- _Work item_
Omit all pictures, then retype exactly the lines from the one that contains "Die Fassadenflächen werden" through the end of the listing.

- _Records_
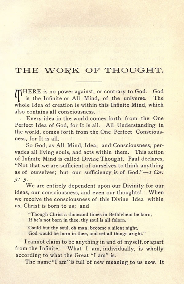 So God, as All Mind, Idea, and Consciousness, pervades all living souls, and acts within them. This action of Infinite Mind is called Divine Thought. Paul declares, "Not that we are sufficient of ourselves to think anything as of ourselves; but our sufficiency is of God." -- 2 Cor. 3:5
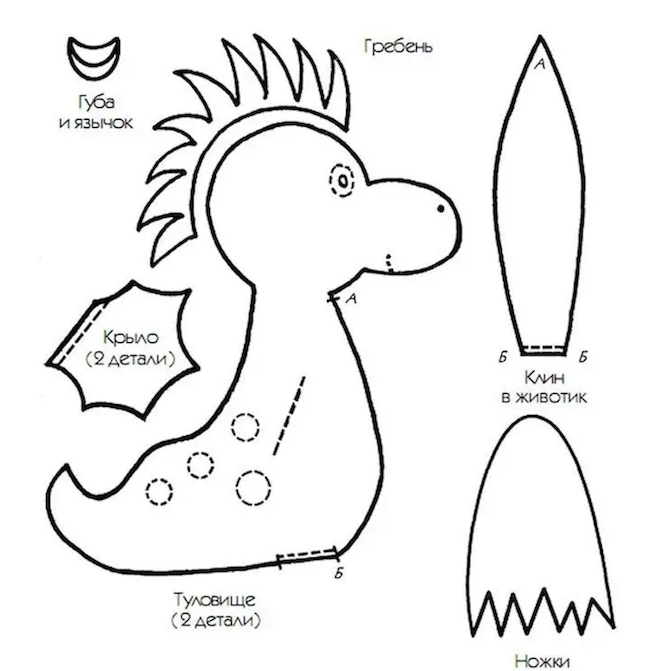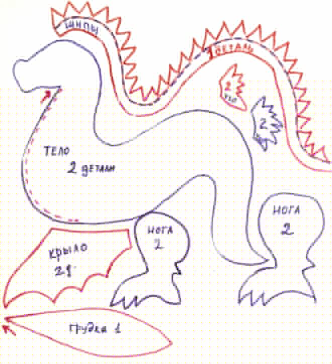 Чтобы получился ровный и симметричный дракон выкройку нужно нарисовать на плотной бумаге или картоне. Схема раскроя рисуется в соответствии с размерами готовой игрушки.
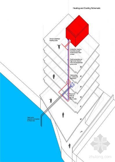 室内有一个很大的玻璃箱子结构,以此容纳各种功能需求。它围合了一层层的地板,而没有影响外表皮的形式。最后,建筑的物理系统和海水有关联,水管位于海水中,利用海水,通过热交换器、泵,提供一个可持续的加热和冷却系统。
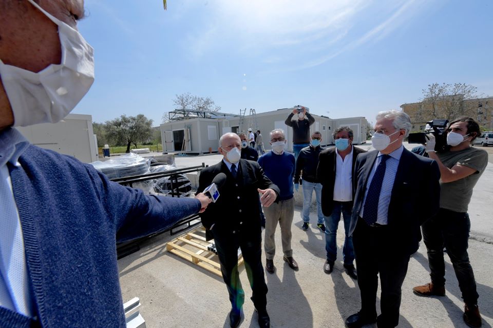 I lavori all’Ospedale Covid-19 di Caserta proseguono a ritmo serrato. Oggi il Presidente Vincenzo De Luca ha effettuato un sopralluogo al cantiere dell’ospedale modulare dove ieri sono giunte le strutture prefabbricate.
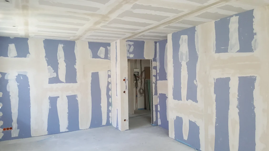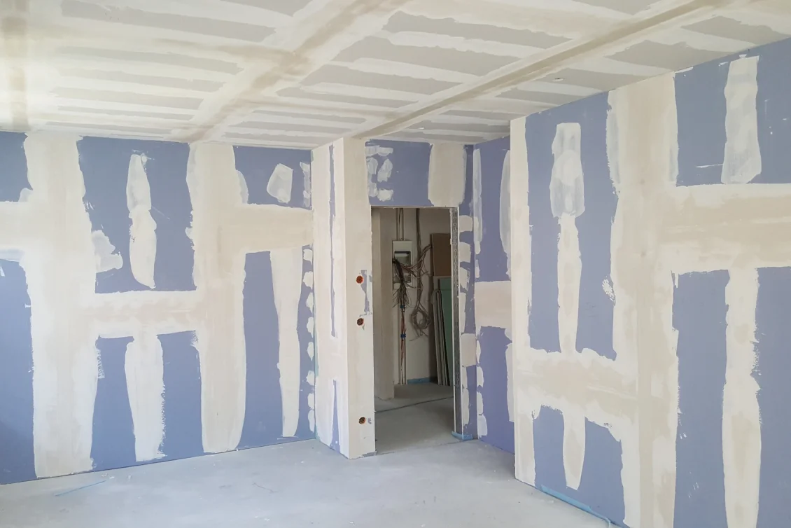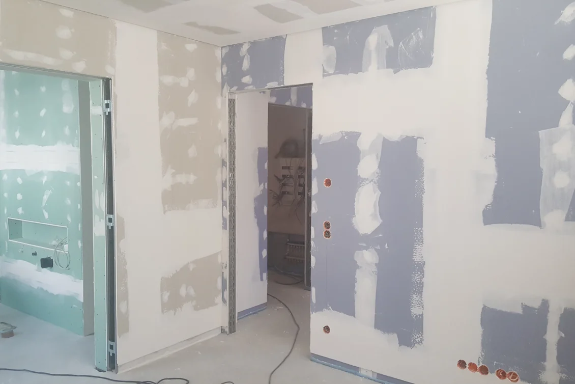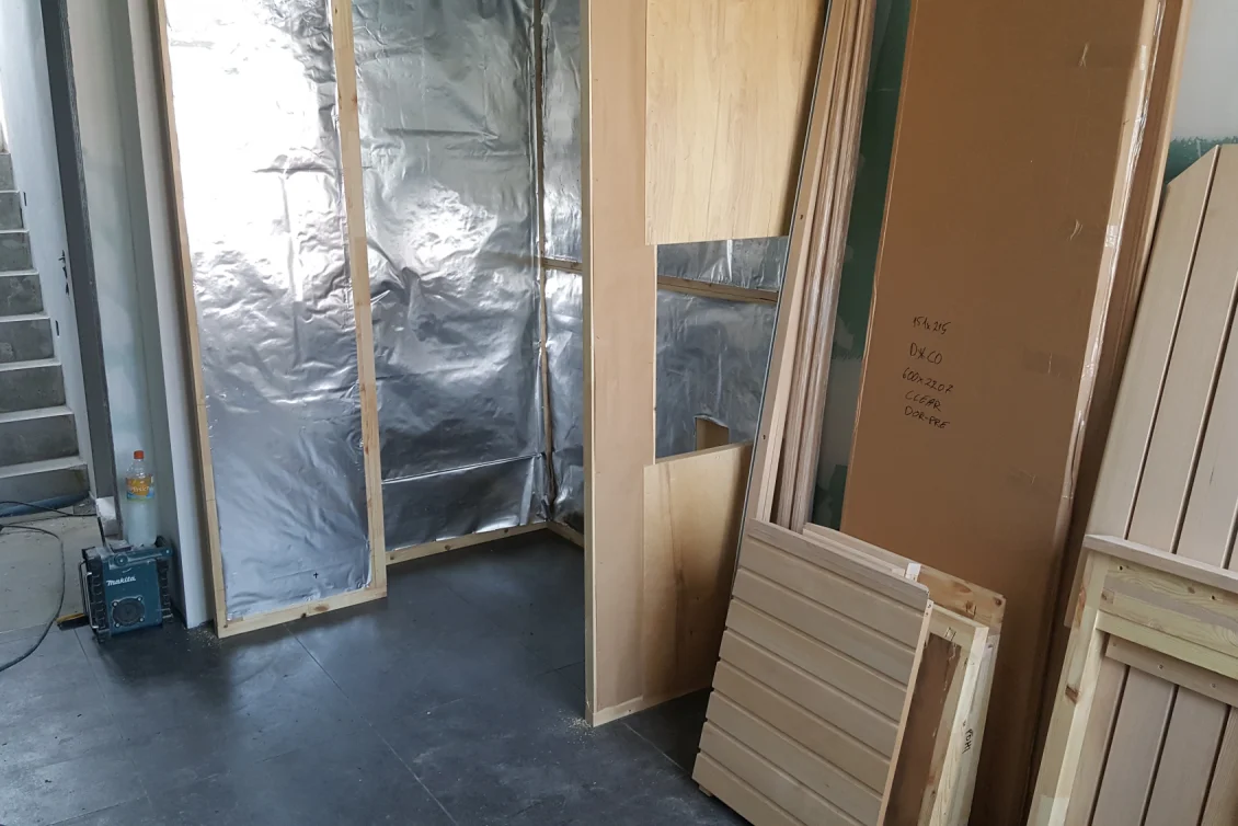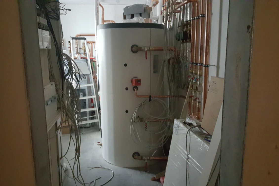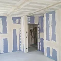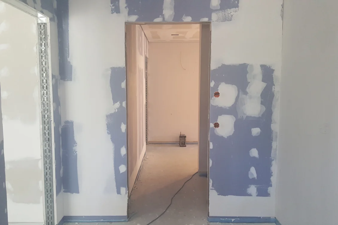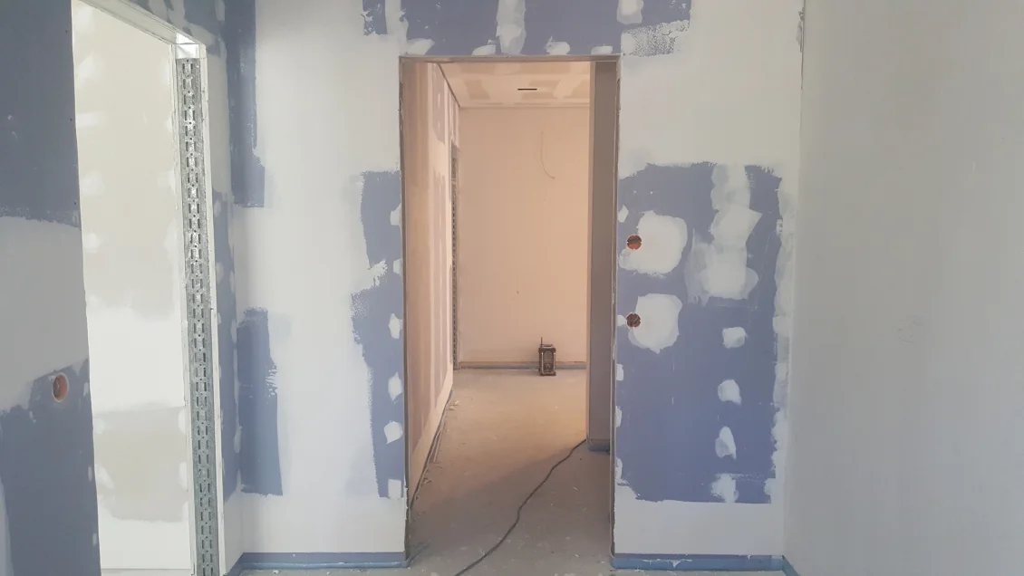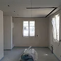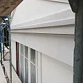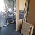 Die Fassadenflächen werden geputzt und beschichtet. Nach den jüngsten Unwettern hält diese Woche hoffentlich das Wetter, so dass in der nächsten Woche abgerüstet werden kann. Die gedämmten Dachschrägen werden mit einer Dampfbremse bekleidet – die Dichtigkeit wird durch einen “Blower-Door”-Test nachgewiesen. In den Wohnungen werden die ersten Anstriche aufgetragen.
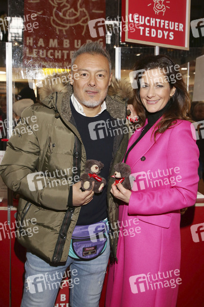 Rodolfo Esteban Cardoso und Angela Roy beim 25. Charity Teddybären Verkauf zugunsten von Leuchtfeuer im Hauptbahnhof. Hamburg, 17.11.2022
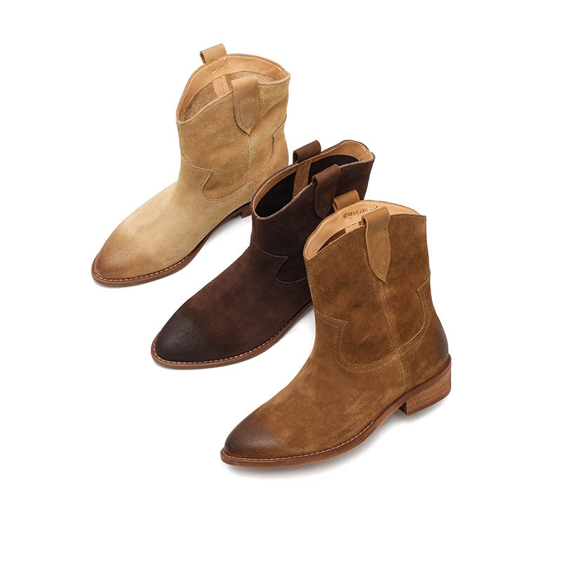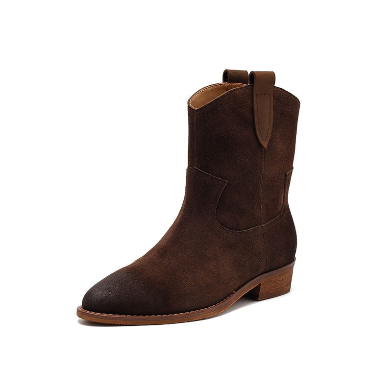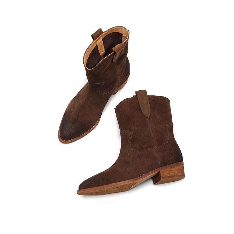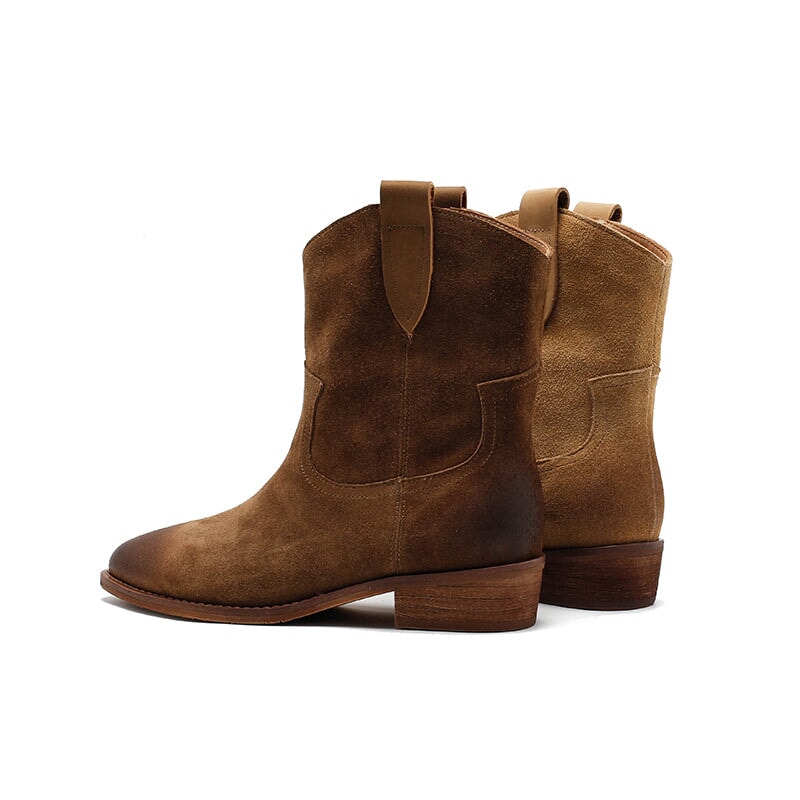 Expertly handcrafted from premium suede cowhide, these Dwarves Western Cowboy Boots feature a classic R-shaped toe and sturdy block heel for a timeless silhouette. The soft lining available in cow leather or short plush ensures comfort and warmth through every season. Built with a durable, high-elastic rubber sole that’s non-slip and wear-resistant, these short cowboy boots combine rugged Western charm with refined craftsmanship for everyday wear.

- _Written response_
 Die Fassadenflächen werden geputzt und beschichtet. Nach den jüngsten Unwettern hält diese Woche hoffentlich das Wetter, so dass in der nächsten Woche abgerüstet werden kann. Die gedämmten Dachschrägen werden mit einer Dampfbremse bekleidet – die Dichtigkeit wird durch einen “Blower-Door”-Test nachgewiesen. In den Wohnungen werden die ersten Anstriche aufgetragen.
 Rodolfo Esteban Cardoso und Angela Roy beim 25. Charity Teddybären Verkauf zugunsten von Leuchtfeuer im Hauptbahnhof. Hamburg, 17.11.2022
 Expertly handcrafted from premium suede cowhide, these Dwarves Western Cowboy Boots feature a classic R-shaped toe and sturdy block heel for a timeless silhouette. The soft lining available in cow leather or short plush ensures comfort and warmth through every season. Built with a durable, high-elastic rubber sole that’s non-slip and wear-resistant, these short cowboy boots combine rugged Western charm with refined craftsmanship for everyday wear.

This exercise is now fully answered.